# Converting a guitar from having pickup rings to direct mounted?



## max3000 (Apr 7, 2014)

Is it possible? What does it require? Rerouting?


Thanks!


----------



## FIXXXER (Apr 7, 2014)

"pickup cover routings" are usually bigger than "direct mount routings"


----------



## max3000 (Apr 7, 2014)

What if I go with a soapbar style PU? like an EMG or something. They're usually wider.


----------



## FIXXXER (Apr 7, 2014)

could work, but it probably won't


----------



## stevexc (Apr 7, 2014)

This may not be universally true, but according to an email exchange I had with ESP a while ago my H-1001 with pickup rings will accommodate EMG-sized pickups with no modification to the routes.

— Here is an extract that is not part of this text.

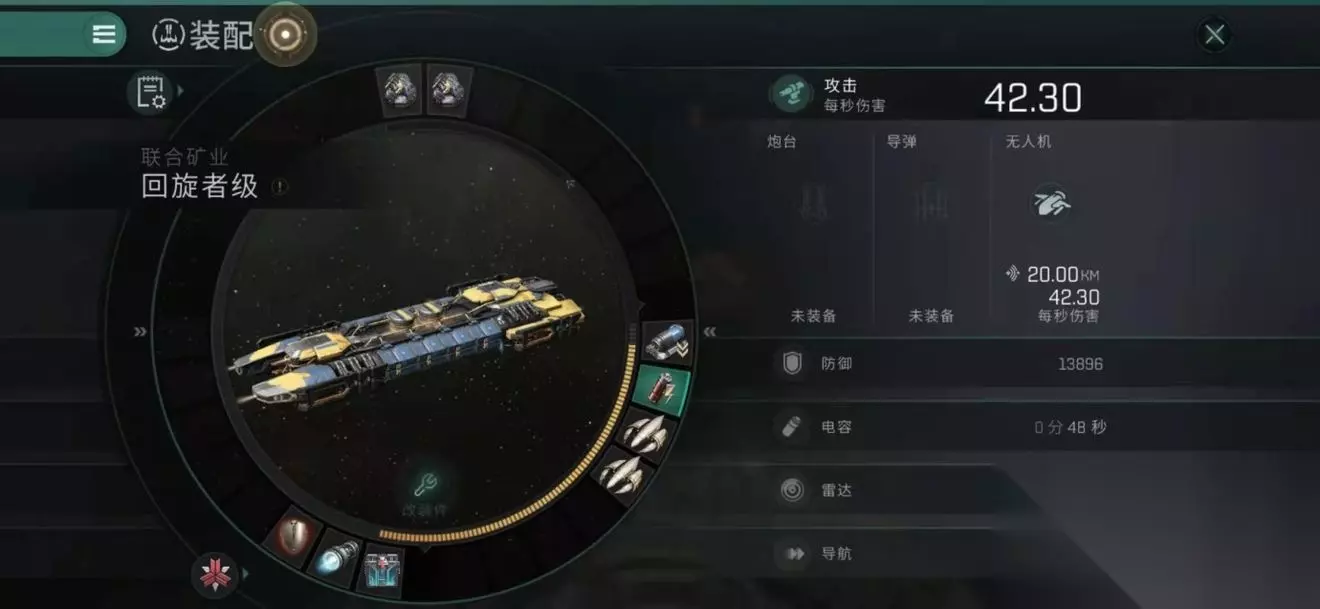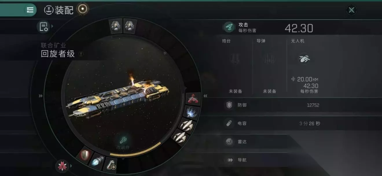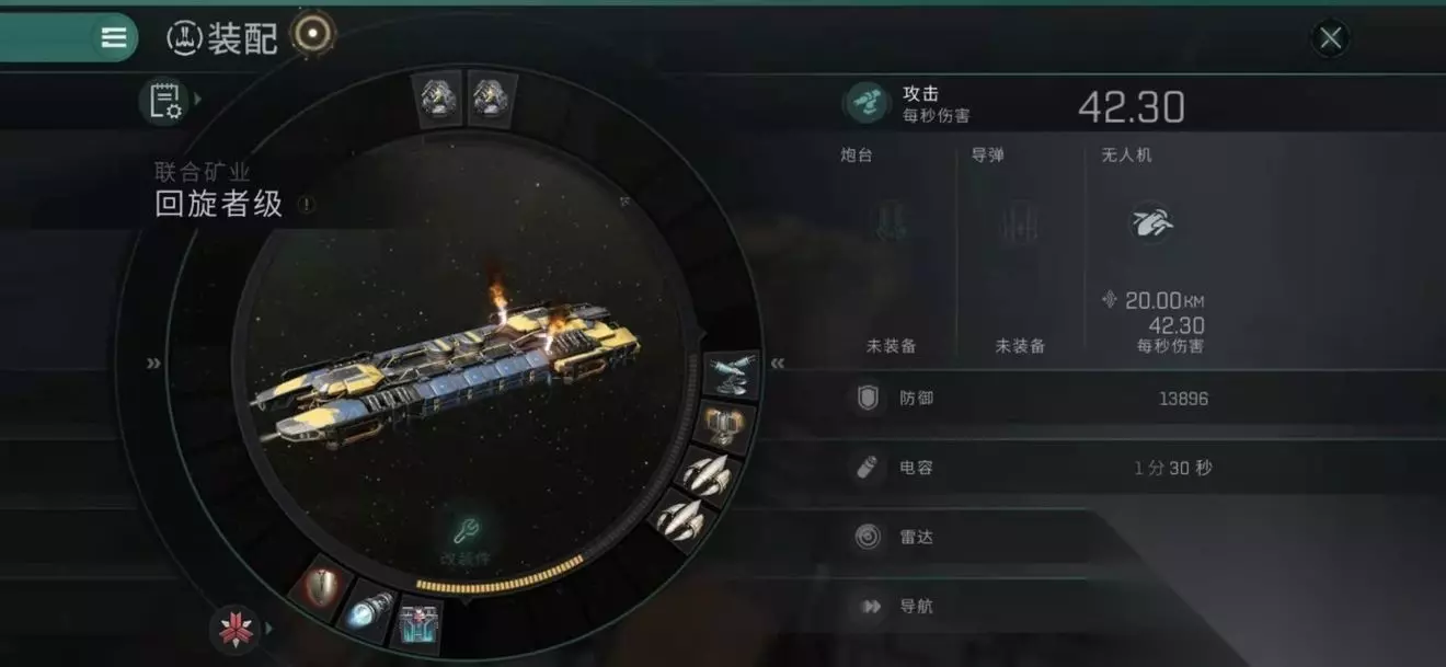 辅助型:一般跟主动型配置回旋一起挖矿才有实际效果。通常是为主动型配置回旋提供电量支援或为敌舰“提供”更多非必要牵制型Debuff例如信号标志和网子。配置为底槽跃迁加速器,电池,红盾。中槽则视主动型回旋配置和需求进行适当调整,例如远程电容传输装置,网子等。(不推荐远程护盾维修器和远程装甲维修器,因为这两个都是占用高槽,十分影响挖矿效率)

However they may have routed the H-1001 series with larger routes and used specific pickup rings in order to accommodate passive-sized pickups, as at that point in time they had both available.


----------



## max3000 (Apr 7, 2014)

stevexc said:


> This may not be universally true, but according to an email exchange I had with ESP a while ago my H-1001 with pickup rings will accommodate EMG-sized pickups with no modification to the routes.
> 
> However they may have routed the H-1001 series with larger routes and used specific pickup rings in order to accommodate passive-sized pickups, as at that point in time they had both available.



Hm, Interesting. I'm getting an ESP Horizon NT-II with EMGs. I wanna take them out and put BKPs with soapbar covers.

What about the mount itself? I will have to drill something in to hold the PUs in, right?


----------



## rikomaru (Apr 7, 2014)

I'm not sure what the plates of EMG soapbars are like, vut for my conversion I just grabbed shims from Home Depot and cut them to approximate size. I used 1 screw for mounting the shim to the body. You tgen simply mount the pickups on the shim where it hangs over the cavities for the pickup legs. Something like 1/8" for the shims should suffice. I imagine you'd need 1/4"+ if you have flat-base pickups like the direct mounts Ibanez uses.


----------



## ElysianGuitars (Apr 8, 2014)

Why bother?


----------



## stevexc (Apr 8, 2014)

Because maybe he'd prefer the sound of BKPs over EMGs?


----------



## ElysianGuitars (Apr 8, 2014)

stevexc said:


> Because maybe he'd prefer the sound of BKPs over EMGs?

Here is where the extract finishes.